See image below for our proposed solution’s pseudo-graph with given configuration:
Array Shape = (6, 4, 10), Chunk sizes (3, 2, 10)
We serialize along last axis so you can ignore that
Which makes these (spatial) blocks

  • (0, 0) is (slice(0, 3), slice(0, 2))
  • (0, 1) is (slice(0, 3), slice(2, 4))
  • (1, 0) is (slice(3, 6), slice(0, 2))
  • (1, 1) is (slice(3, 6), slice(2, 4))

For each block we serialize along axis=0 and we would have 3 slices each because our chunksize along that axis is 3. So each one gets serialized independently.
Then we concat them on disk as a whole slice across all blocks are written.
Finally, when they’re all written, we concatenate all files.

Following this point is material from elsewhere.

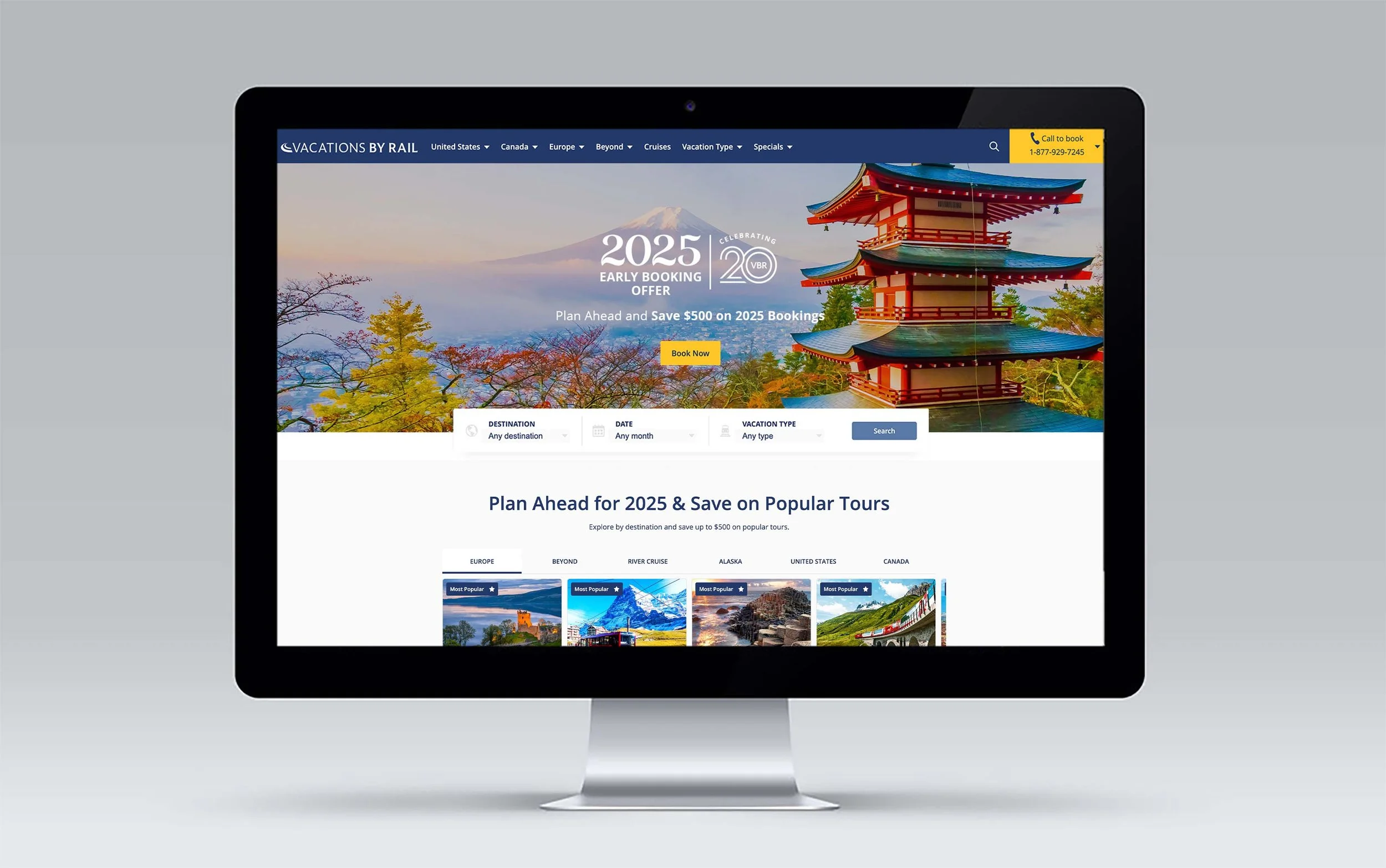 To boost early bookings for the 2025 season, Vacations By Rail launched a multimedia campaign that spanned social media, Google ads, email, and our website. Building on my previous work with our studio team to develop a 20th-anniversary logo, I designed a new logotype that integrated that logo with new text that announced our early booking offer. I created visually compelling video and image advertisements to captivate our audience across various platforms. Additionally, I created the hero video featured on our campaign landing page, ensuring a cohesive and engaging experience for potential customers.

What do you think would be a good solution to this? Are we on the right track?

Visual Examples

Some visual explanations:
First, these assumptions:

  1. Below is the chunk layout of the 3D data (ignore sample axis)
  2. Each chunk holds 5x5 traces, i.e. 25 traces.
  3. A “block” is a complete set of crosslines for an inline chunk; and vice-versa for crossline blocks.
    image

If we look at the four chunks in the bottom left corner, they will look like this.
For now, let’s assume this is the whole seismic cube.
image

However, we want to write them out like this, inline sorted:
image

The challenge is if we write each chunk individually and then concatenate them, the trace order gets messed up. It would look something like this:
image

It sounds like the fundamental bottleneck on this workflow is rechunking. In that sense, your issue is similar to the one discussed here:

That discussion led to the creation of the rechunker package:

With the right combination of target chunks and encoding (no compression), you might be able to simply rechunk your data to zarr and then concatenate all of the zarr chunks into the desired monolithic binary file.